IK12 and YC - hepha1979
http://blog.ycombinator.com/ik12-plus-yc
======
ladon86
I went through the first class of IK12 back in 2011 with ClassDojo. My
cofounder and I arrived in California with no connections at all, and only the
beginnings of an idea.

Tim, Geoff, Karen and the whole IK12 family have been a huge source of support
over the past 5 years, helping us scale to the point where ClassDojo is used
daily in >50% of US schools.

From the beginning they've been driven by the idea of creating large-scale
improvements to our education system, and right from the start they committed
to that goal for the long term. I'm delighted by this news, because YC's
network and resources will only accelerate progress towards that goal.

------
dalyons
As someone who went through IK12 a few cohorts ago, I'd say it was an amazing
experience. The team there blended the depth of general startup knowledge from
YC with a huge amount of education-specific coaching/learning/networking.

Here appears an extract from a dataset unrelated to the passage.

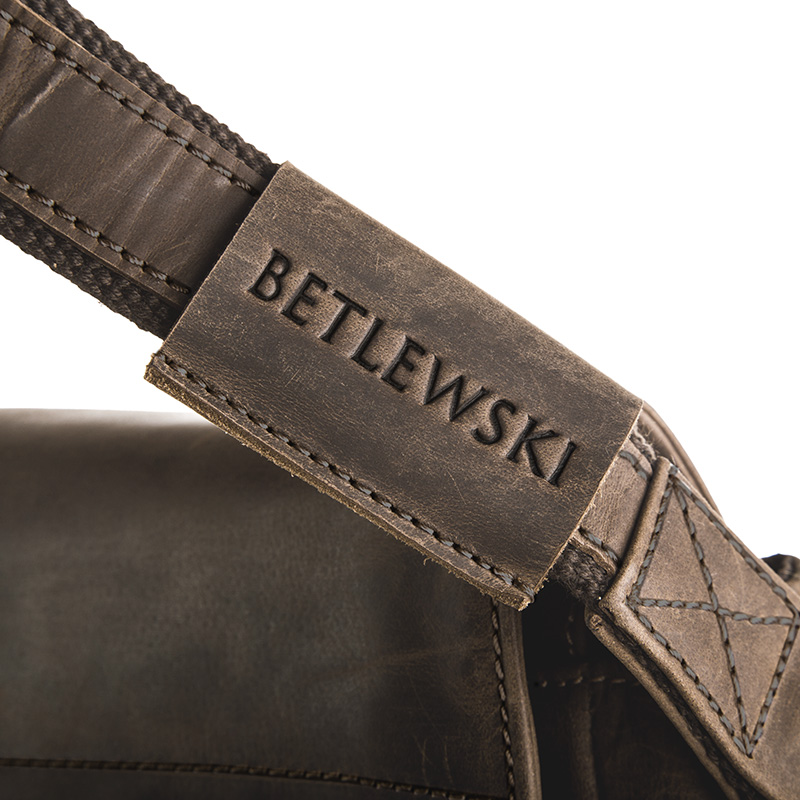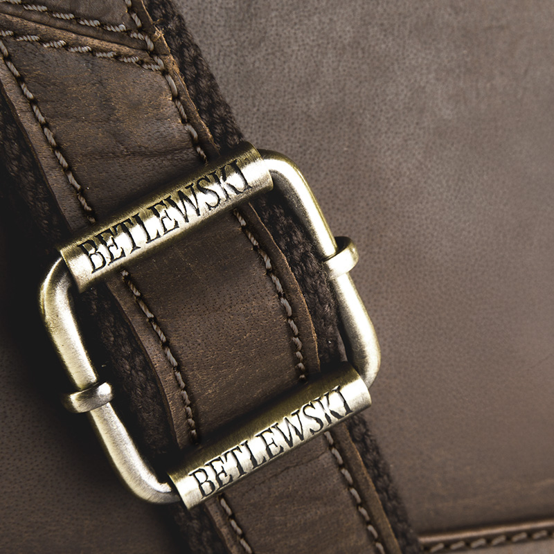 Wykonana ze skóry naturalnej o wysokiej jakości, wytrzymałego nubuku i wykończona z dbałością o najmniejsze detale. Nubuk charakteryzuje się również nieregularnymi przetarciami oraz barwą. O nubuku mówi się, że “pięknie się starzeje”. Potwierdzamy! Z wiekiem torba nabierze jeszcze bardziej wyjątkowego charakteru. Na froncie torby znajduje się wytłoczone logo marki Betlewski®. Wybierając ją będziesz właścicielem nie tylko markowego, ale i modnego oraz unikalnego dodatku. Wyróżnij się z tłumu! Na produkcie znajdziemy liczne detale potwierdzające oryginalność produktu takie jak: metki, tłoczenia w skórze oraz znakowania na metalowych elementach. Dodatkowo do produktu dołączany jest certyfikat, potwierdzający materiał i jakość wykonania torby. Torba zamykana jest klapą na 2 magnetyczne klipsy. Na klapie znajduje się kieszeń na suwak ładnie schowany pod zakładką ze skóry. Torba posiada 1 dużą komorę przegrodzoną wzmocnioną ścianką z pianki. Kieszeń ta z powodzeniem zmieści laptopa 15,6″. W torbie znajdują się:

Although we were part of the 20% (from that article) that didnt make it, we
learnt a huge amount, and it helped inspire me to continue to work in the ed-
tech space till today.

I do hope that after the merge they can continue to offer the same deep-dive
education specific talks/mentors/networks/etc that were so valuable, as it is
a space with very different challenges than your typical B2B/consumer app
plays.

As a benefit, I suspect the YC "brand" will be a big help to future edtech
graduates when it comes to raise money; as typically they've struggled much
more to attract investor attention than startups in other verticals.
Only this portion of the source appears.